COLLECTED MATERIAL:
--------

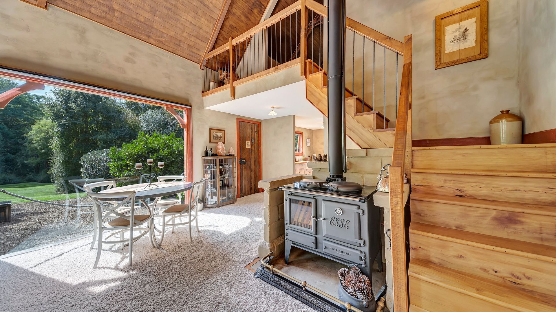 The Esse Ironheart wood stove is a central feature that will provide warmth to the home, an exquisite meal and has the added feature of being a wetback to heat the hot water. With the Esse electric oven in the kitchen you have the benefit of two separate cooking sources.
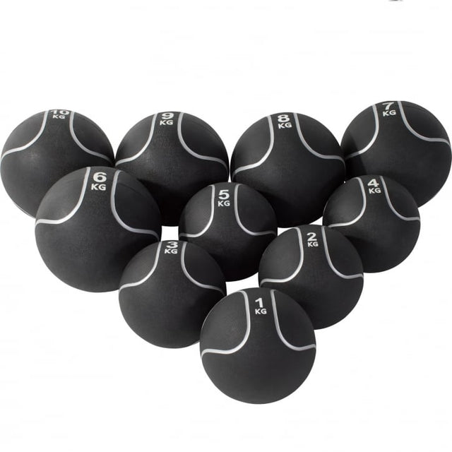 Medicinbollar i svart och silver finns i vikterna mellan 1-10kg och har två olika diameter där en är för vikterna 1-5kg och en är för vikterna 6-10kg.
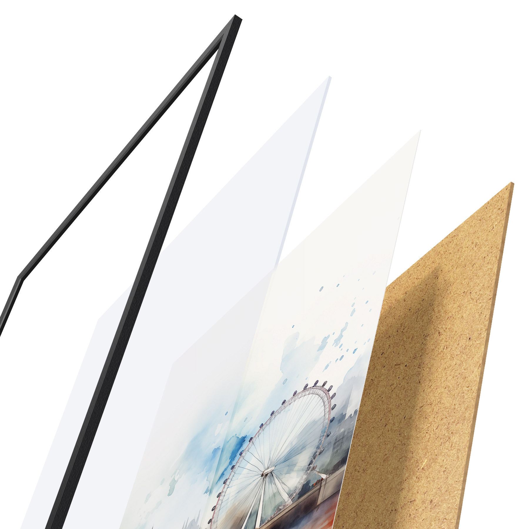 Das Poster besteht aus einem Rahmen, Plexiglas, einem gedruckten Bild und einer Rückwand aus Spanplatten. Dank der Halterungen auf der Rückseite kann das Poster sofort an die Wand gehängt werden.

--------

AIM OF THE TASK: Print the data above from its first line through the line that has "Medicinbollar i svart", exactly and with nothing else, omitting pictures.

EXERCISE RESPONSE:
 The Esse Ironheart wood stove is a central feature that will provide warmth to the home, an exquisite meal and has the added feature of being a wetback to heat the hot water. With the Esse electric oven in the kitchen you have the benefit of two separate cooking sources.
 Medicinbollar i svart och silver finns i vikterna mellan 1-10kg och har två olika diameter där en är för vikterna 1-5kg och en är för vikterna 6-10kg.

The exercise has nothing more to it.